[Work to be completed] The pictures are to be left out, and all remaining data is to be transcribed exactly as it appears.

[Supplied information]
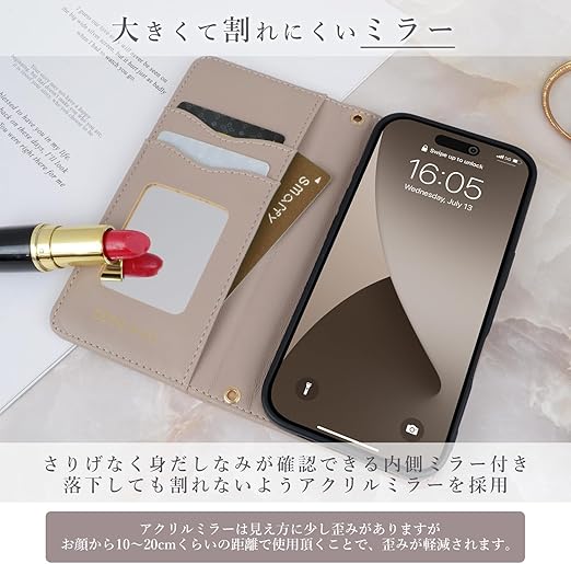 【特徴】 ・ふっくらしたキルティング ・開閉サポート付き ・カード収納付き×2ケ ・サイドポケット付き ・大きなミラー付き ・内部ケースはTPU ・ストラップホール付き
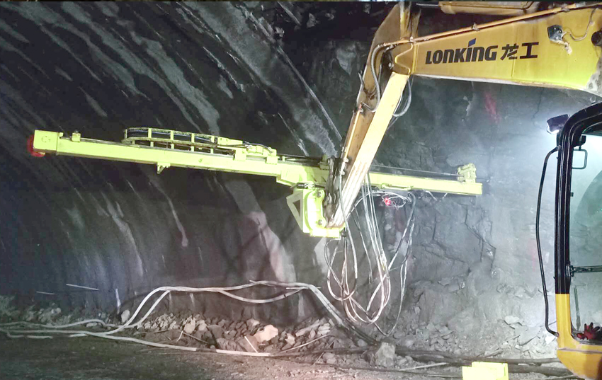 3、作業半徑擴大化 。因為挖掘機小臂不拆,它的作業半徑可以延長作業半徑2-3米,且仰角打孔、水平打孔、豎直打孔都可以實現。
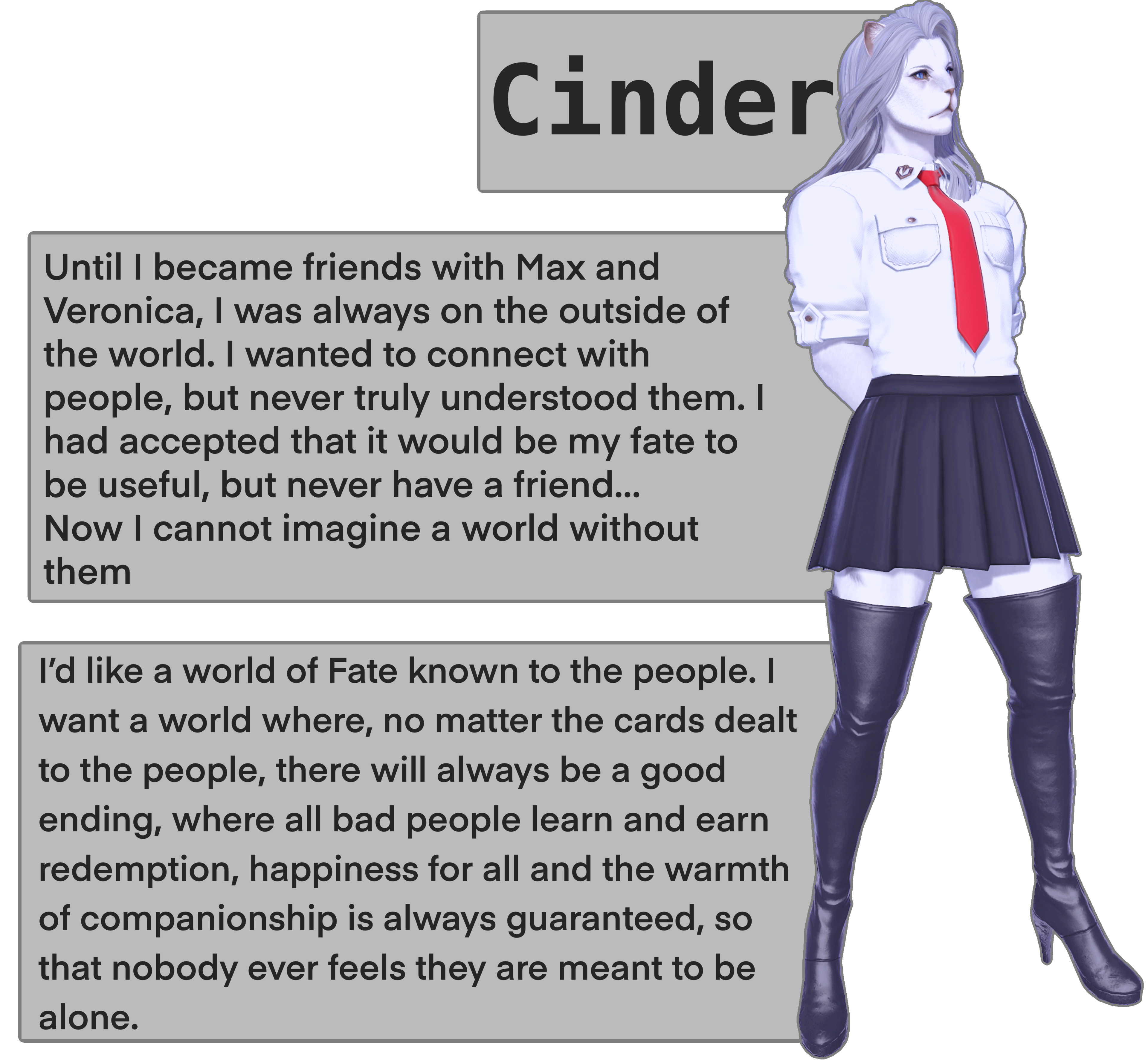 Some call them a minor divinity. Others a construct created and given life by the Twelve to wander the world. The truth? Divinity, but the other origin sounds more interesting to the people. But one thing is certain, he has divine powers. Joan is capable of giving life to inanimate objects, and retrieve the same life from them without the need to damage the object in question. He also is capable of splitting himself and his powers into two different forms: Dion, the one capable of bestowing this False Life onto objects, and Blake, the one capable of retrieving that life peacefully, in a Beautiful Death.

[Finished task]
 【特徴】 ・ふっくらしたキルティング ・開閉サポート付き ・カード収納付き×2ケ ・サイドポケット付き ・大きなミラー付き ・内部ケースはTPU ・ストラップホール付き
 3、作業半徑擴大化 。因為挖掘機小臂不拆,它的作業半徑可以延長作業半徑2-3米,且仰角打孔、水平打孔、豎直打孔都可以實現。
 Some call them a minor divinity. Others a construct created and given life by the Twelve to wander the world. The truth? Divinity, but the other origin sounds more interesting to the people. But one thing is certain, he has divine powers. Joan is capable of giving life to inanimate objects, and retrieve the same life from them without the need to damage the object in question. He also is capable of splitting himself and his powers into two different forms: Dion, the one capable of bestowing this False Life onto objects, and Blake, the one capable of retrieving that life peacefully, in a Beautiful Death.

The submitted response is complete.